▶

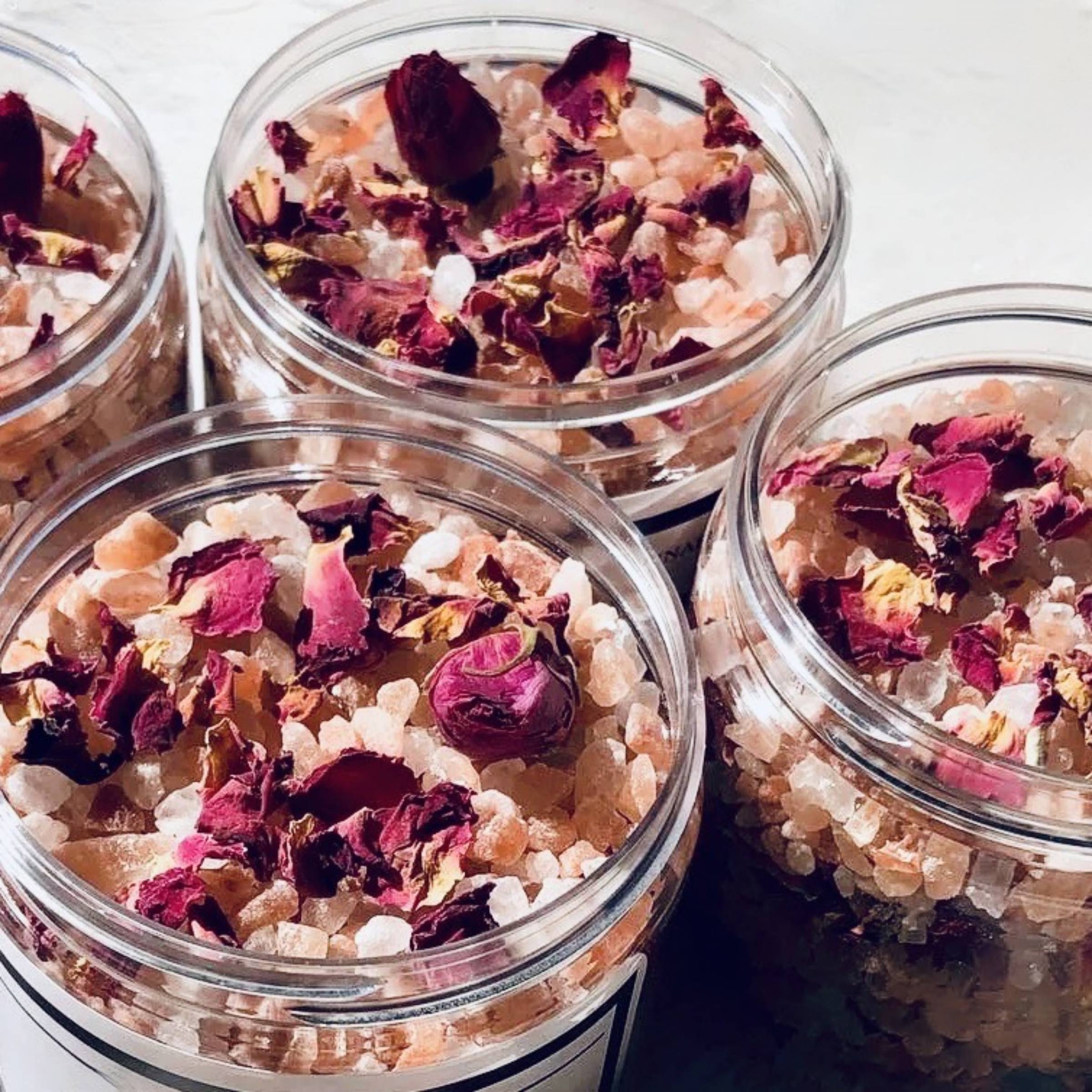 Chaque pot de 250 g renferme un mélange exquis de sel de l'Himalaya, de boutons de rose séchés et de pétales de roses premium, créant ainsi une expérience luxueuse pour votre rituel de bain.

◀
▶

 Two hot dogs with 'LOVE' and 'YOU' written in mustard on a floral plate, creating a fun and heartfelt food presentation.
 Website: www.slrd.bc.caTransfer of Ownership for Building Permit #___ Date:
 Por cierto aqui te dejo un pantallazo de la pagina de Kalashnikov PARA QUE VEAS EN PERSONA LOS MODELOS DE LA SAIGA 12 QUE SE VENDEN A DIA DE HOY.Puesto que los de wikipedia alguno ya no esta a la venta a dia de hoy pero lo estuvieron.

◀

All lines above between those holding "Two hot dogs" and "Por cierto aqui", inclusive, must be set down unchanged, and no other line may be included.

 Two hot dogs with 'LOVE' and 'YOU' written in mustard on a floral plate, creating a fun and heartfelt food presentation.
 Website: www.slrd.bc.caTransfer of Ownership for Building Permit #___ Date:
 Por cierto aqui te dejo un pantallazo de la pagina de Kalashnikov PARA QUE VEAS EN PERSONA LOS MODELOS DE LA SAIGA 12 QUE SE VENDEN A DIA DE HOY.Puesto que los de wikipedia alguno ya no esta a la venta a dia de hoy pero lo estuvieron.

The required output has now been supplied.